For almost a year now, I've been seriously entertaining the hypothesis that there were actually two Tangut languages, Tangut A and Tangut B. There is no direct evidence for Tangut B; its existence is something I have inferred from the structure of the Tangut script. There are many Tangut characters (tangraphs) which cannot be explained as semantic compounds or on the basis of Tangut (A) phonetics. I suspect these characters reflect the phonetics of Tangut B. I assume that Tangut writing (tangraphy) must have been phonocentric because it was extremely successful. There is much more written in Tangut than in the two other sinoform (Chinese-like) scripts of the period, Khitan and Jurchen. Although the success of a script is due to societal as well as linguistic factors, I think that tangraphy caught on because it was relatively easy to learn. It was certainly not something as simple as an alphabet or a syllabary since it contains semantic elements*. However, the question is whether tangraphy is semantocentric unlike any other known script or phonocentric like all other scripts.

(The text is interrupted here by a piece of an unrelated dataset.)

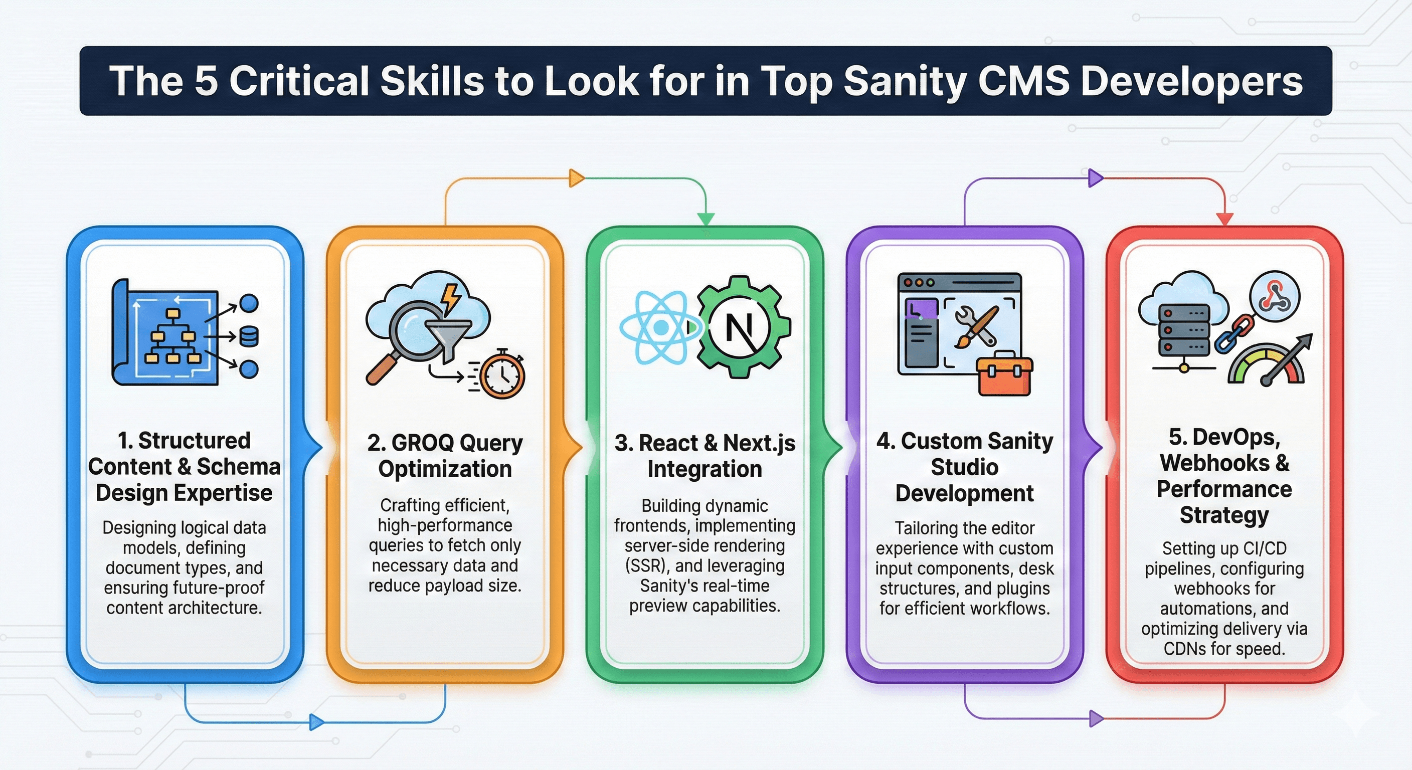 If you’re evaluating Top Sanity CMS Developers, these five skill areas are non-negotiable.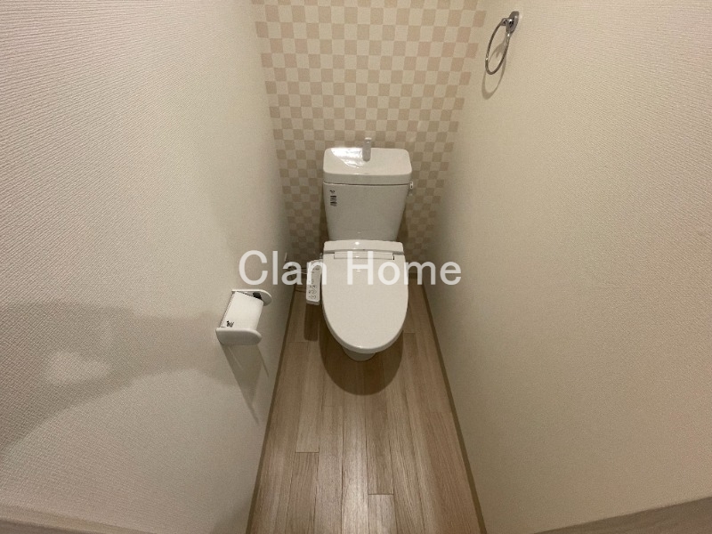 アクセントクロスがオシャレなトイレにはウォシュレットも付いており機能面でも十分な仕様となっております。広さもあるので圧迫感も少なそうなのもいいですね。

Names can be used to discover the phonetic component of a script. Unless a name has an obvious concrete referent, it is difficult to draw and must be written phonetically: e.g., the Greek name Ptolemy (Ptolemaios) was spelled in Egyptian hieroglyphs as p-t-w-r-m-y-s. (The Wikipedia entry has p-t-o-l-m-i-i-s [i-i =y], but there was no letter o in Egyptian, and the letter r could represent foreign l.)

Tangraphy has many onomagraphic (< Greek onoma 'name') characters whose sole purpose is to transcribe names. For a long time I've assumed that these tangraphs would be the key to the script. Like all tangraphs, they have monosyllabic Tangut (A) readings. However, if the Tangut B hypothesis is correct, they may also have had polysyllabic Tangut B readings. What relationship was there, if any, between the Tangut A and B readings of onomagraphs? Tonight it occurred to me that Tangut A readings might sometimes be 'key' syllables extracted from polysyllabic Tangut B names. These readings would be similar to Chinese monosyllabic names extracted from polysyllabic Sinified foreign names: e.g.,

America > 阿美利加 Md Ameilijia > 美 Md Mei 'America'

Hence if an onomagraph consisted of components ABC representing Tangut B syllables X, Y, and Z, its Tangut A reading might have been similar to X, Y, or Z. (Not terribly constrained, but still better than no constraints on Tangut B readings at all!) If this was indeed the case, then we should expect recurring components with strong but not absolute tendencies to occur in similar-sounding onomagraphs: e.g., onomagraphs containing component A might tend to be pronounced like X. (I wrote "tend" because 'nonextracted' components would be visible but would not be phonetically reflected in Tangut A.)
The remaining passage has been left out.